I learned recently that the WB will not be picking up Birds of Prey for another season. I know it’s difficult for the cast and crew because we worked hard on the show - but for me, it’s a relief. I’ve already started packing up my apartment, and I’ll be heading back to Toronto. That doesn’t mean I want to give up acting. I’ve begun to get more offers, which was an exciting first for my career, but I’ll probably never do another TV series. It’s just so much work - you have no time for your friends, or a life for that matter. For now I’m just happy to get betting back to the life I left behind, picking up where I left off and getting a chance to be the real me again.
Quotes:
“My phone bills are horrendous!” says Rachel. “But staying in touch is key.” Costars Ashley Scott and Dina Meyer “helped me through the homesickness,” she says.
Ask Rachel:
“Do you find your faith challenged in Hollywood?”

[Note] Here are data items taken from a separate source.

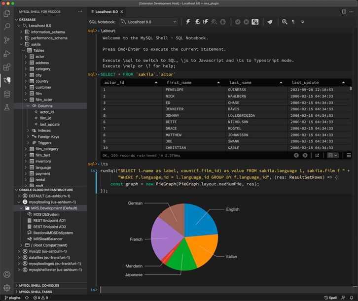 두 번째는 노트북 인터페이스입니다. MySQL 워크벤치 인터페이스에 다들 익숙하실 텐데요, 비교하자면 VS Code용 MySQL 쉘 프리뷰가 제공하는 인터페이스가 더 직관적인 것 같습니다. 이 인터페이스를 이용하면 대화식으로 작업을 편히 할 수 있습니다. 노트북 스타일의 인터페이스에서 SQL, TypeScript, JavaScript로 쿼리 수행, 데이터 시각화 등의 작업을 할 수 있습니다. SQL, TypeScript, JavaScript 자동 완성 기능도 빼놓지 않게 지원하네요. 또한, MySQL 쉘 GPU 콘솔을 이용하면 SQL 쿼리를 쉽게 편집할 수 있습니다.
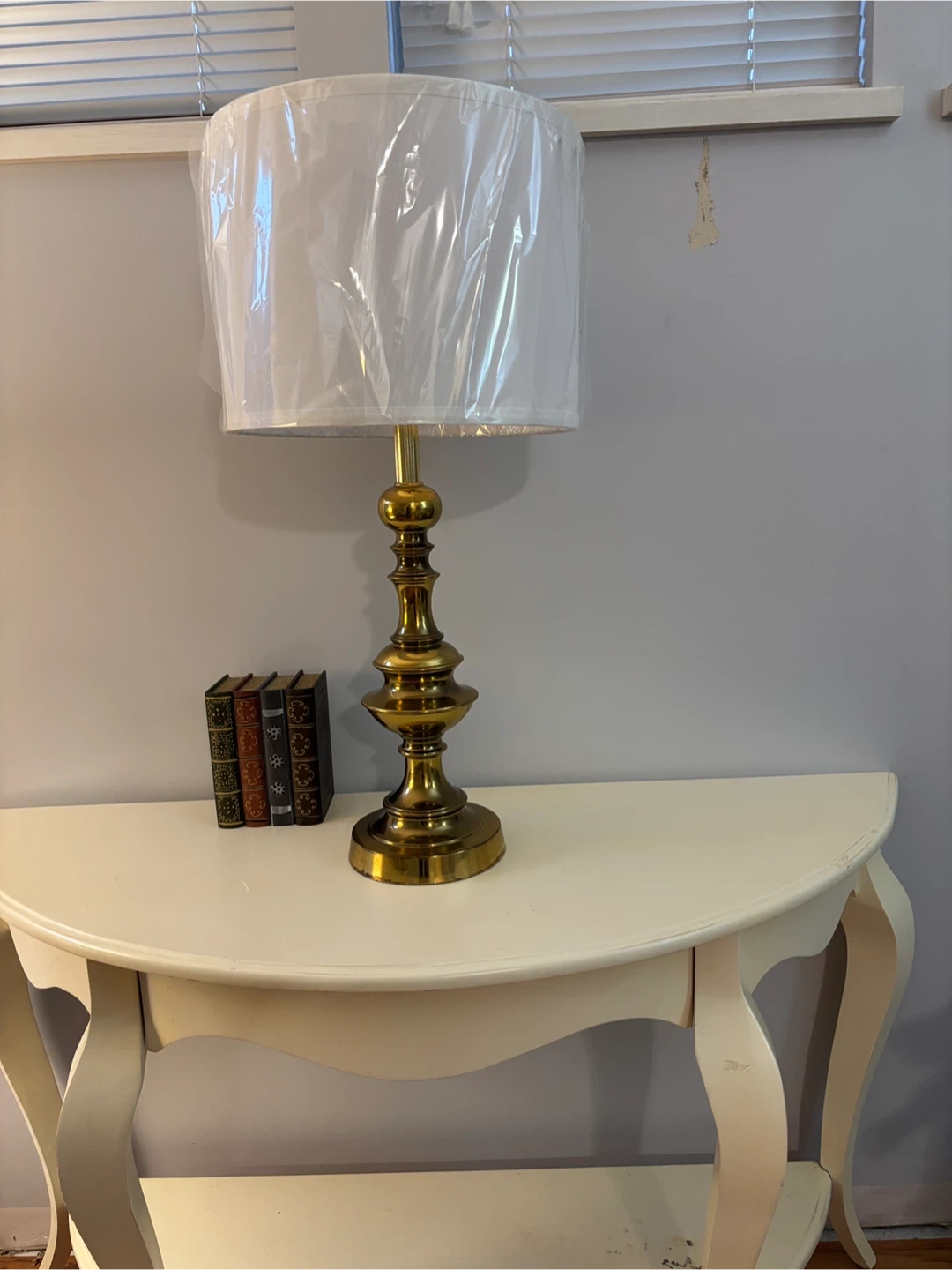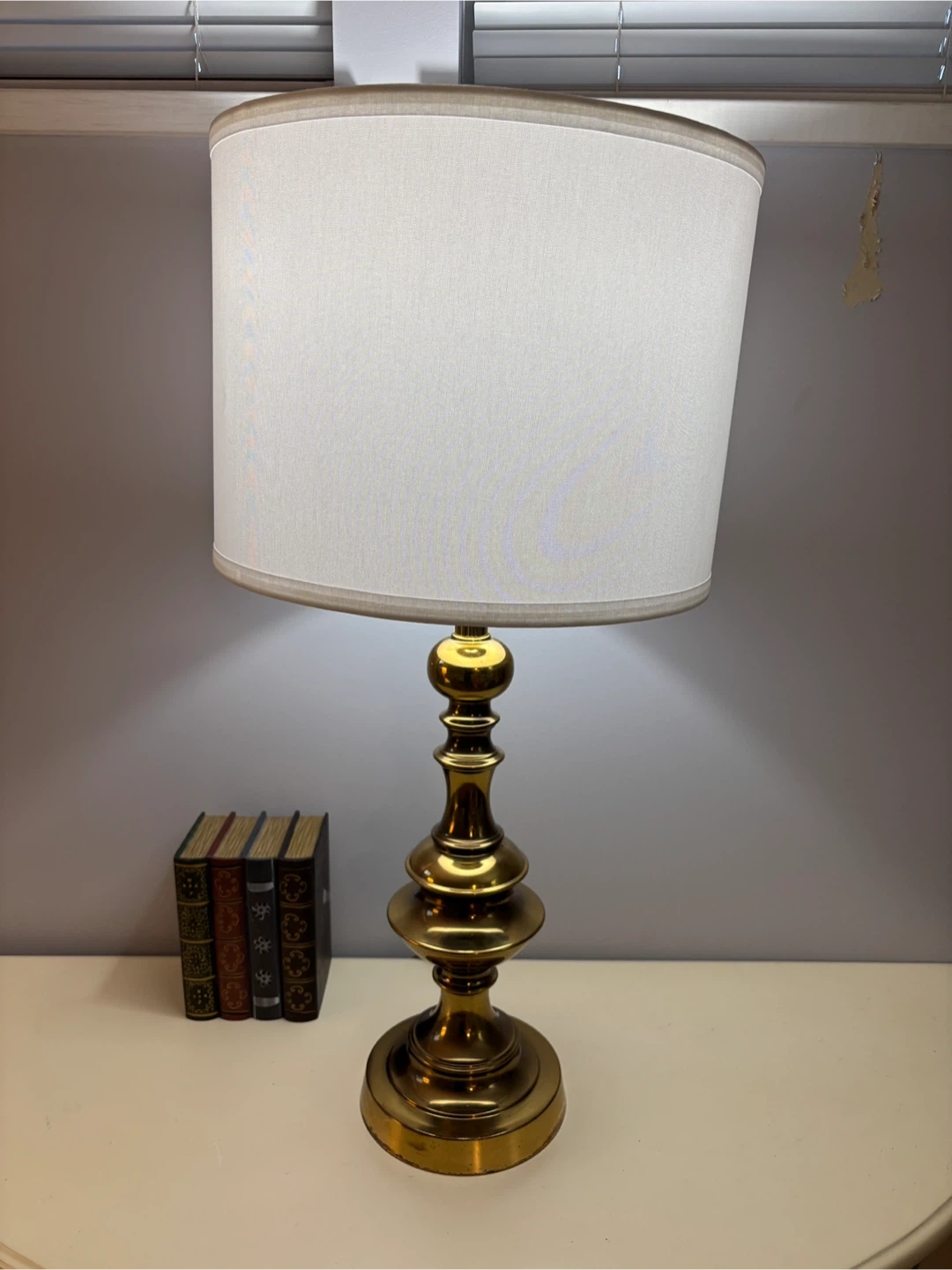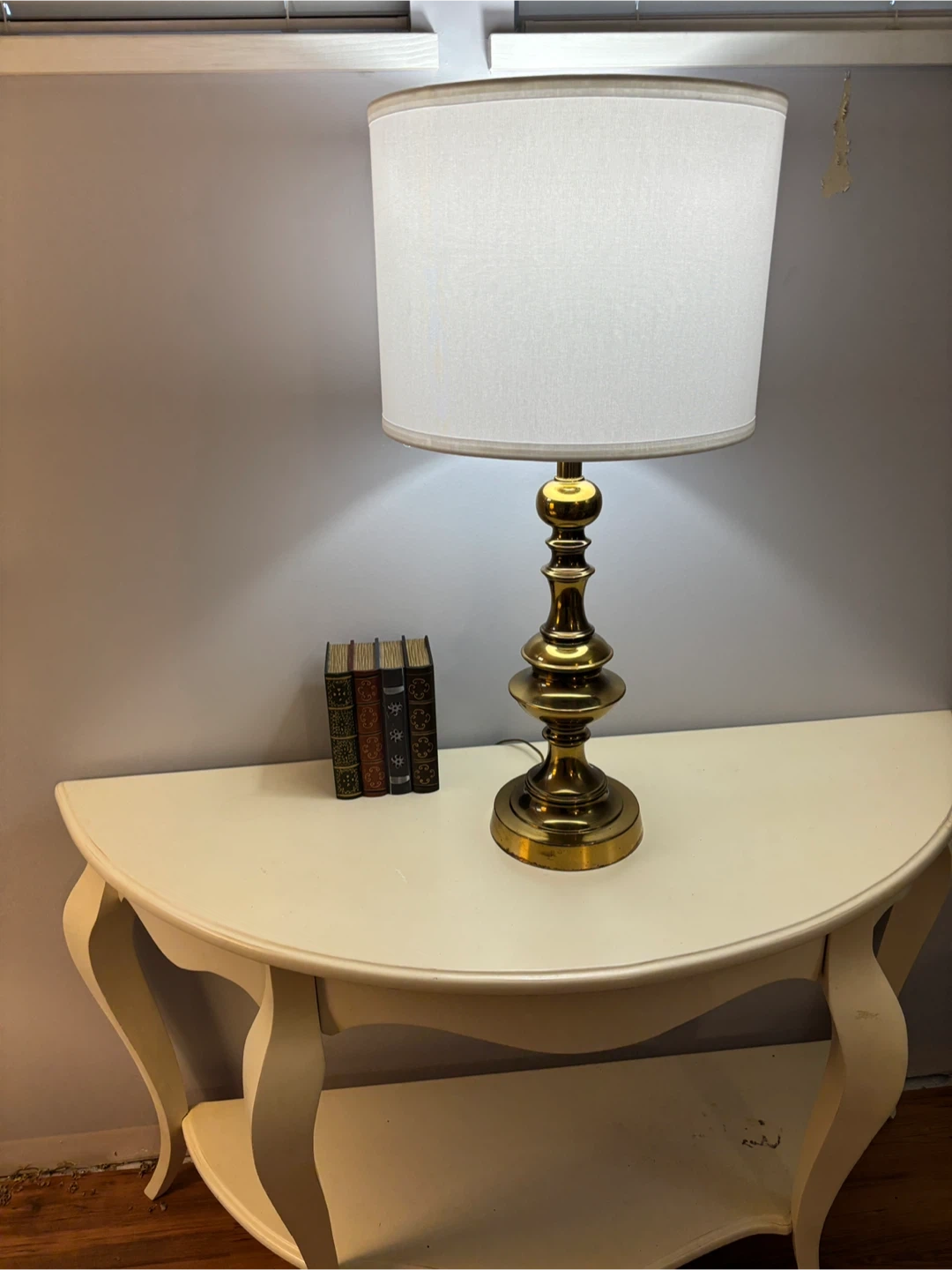 π Solid brass Table Lamp w/ NEW White Shade + Bulb π
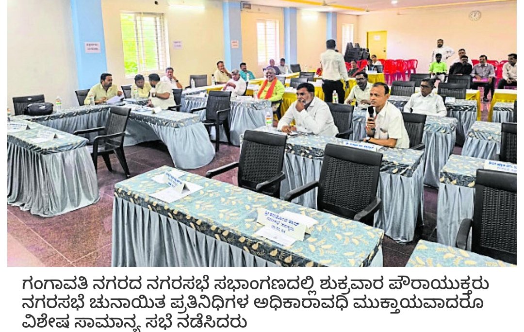 ಗಂಗಾವತಿ ನಗರದ ನಗರಸಭೆ ಸಭಾಂಗಣದಲ್ಲಿ ಶುಕ್ರವಾರ ಪೌರಾಯುಕ್ತರು ನಗರಸಭೆ ಚುನಾಯಿತ ಪ್ರತಿನಿಧಿಗಳ ಅಧಿಕಾರಾವಧಿ ಮುಕ್ತಾಯವಾದರೂ ವಿಶೇಷ ಸಾಮಾನ್ಯ ಸಭೆ ನಡೆಸಿದರು
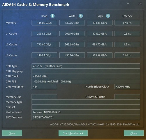 从AIDA64内存性能测试来看,读取速率达到了115.8GB/s,写入速率130.75GB/s,拷贝速率124.88GB/s,这意味着从PantherLake启动,移动级平台的内存性能全面毁坏百GB/s速率大关。而且更为让东谈主只怕的是,内存蔓延降到了87.6ns,这可以说是尽头大的越过。因为此前几代惩处器平台在内存蔓延上大批超越了100ns,PantherLake内存蔓延下落到87.6ns可以说辱骂常大的越过,在面对游戏等内存明锐型哄骗上,更低的蔓延天然会带来更好的体验。
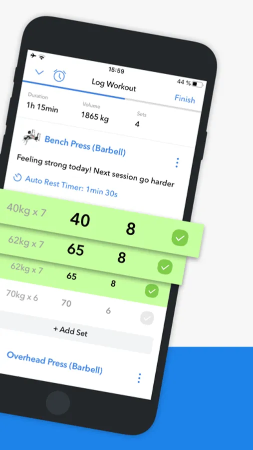 • Customize automatic rest timers for each exercise
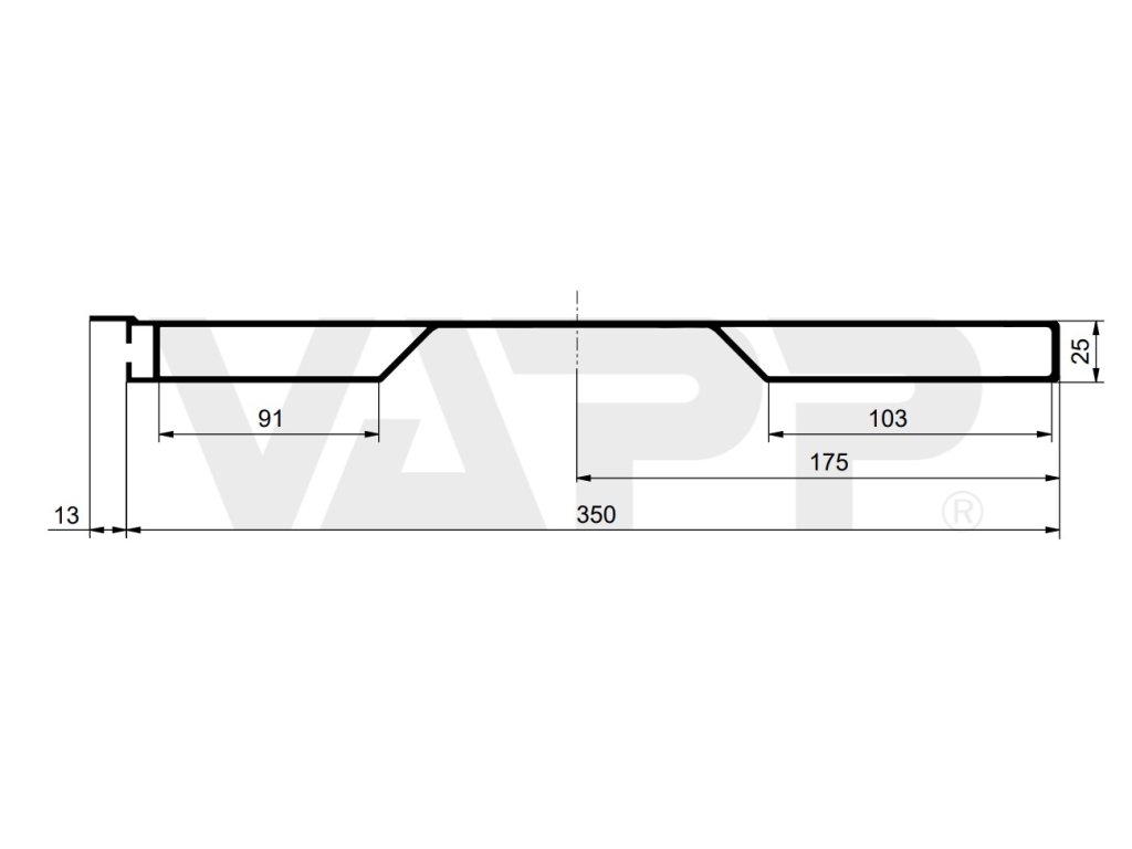 Výška profilu bočnice: 350 mm + 15 mm
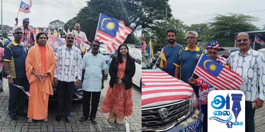 தேசியக்கொடிகளால் அலங்கரிக்கப்பட்ட மெர்டேக்கா கந்தப்பனின் வாகனத்தை முன்னிறுத்தி இந்த கொண்டாட்டம் நடைபெற்றது என்றார் அவர்.
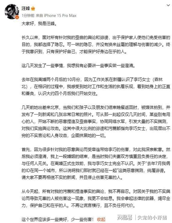 李巧作为公众人物,面对突如其来的舆论压力,选择了以公开声明的方式回应。
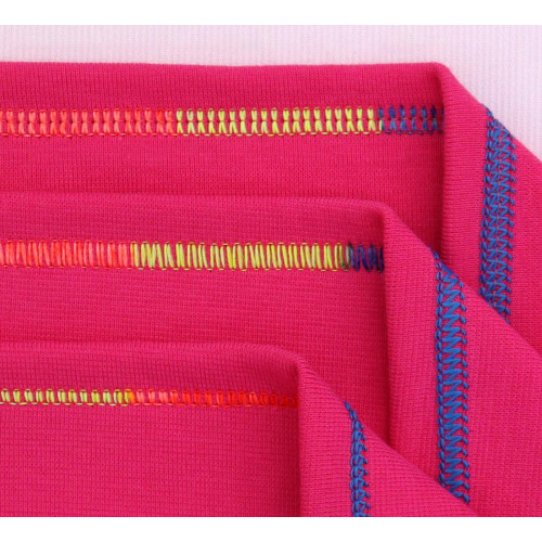 4. tříjehlový řetízkový steh se spodním krytím širší - navlékáte všechny jehly, navlékáte spodní chapač - steh se používá nejčastěji pro zakončení například triček, kdy z vrchní části vypadá jako trojjehla a spodní je pružný steh.

--Tracie Chan, 18, Columbus Ohio
“All the time. In my faith [Baptist], there’s a certain amount of respect you have for your body, conduct and morals. But because the body is a business in Hollywood, you see a lot more people abusing their bodies. I almost fell prey to it by thinking I needed to lose weight, but luckily I kept my head screwed on straight.”
“Do have anything you keep to remember your father by?”
--Vanessa Esparza, 18, Edinburg, Texas
“I have this picture that I take everywhere. We’re both wearing red, and we’re in our backyard. It was taken when I was really little.”
“When you want to escape loneliness what music do you listen to?”
--Gidget Hersh, 13, Bronxville, N.Y.
“Destiny’s Child’s 'Survivor.' It’s my anthem. I also love Coldplay when I want to get a good cry out.”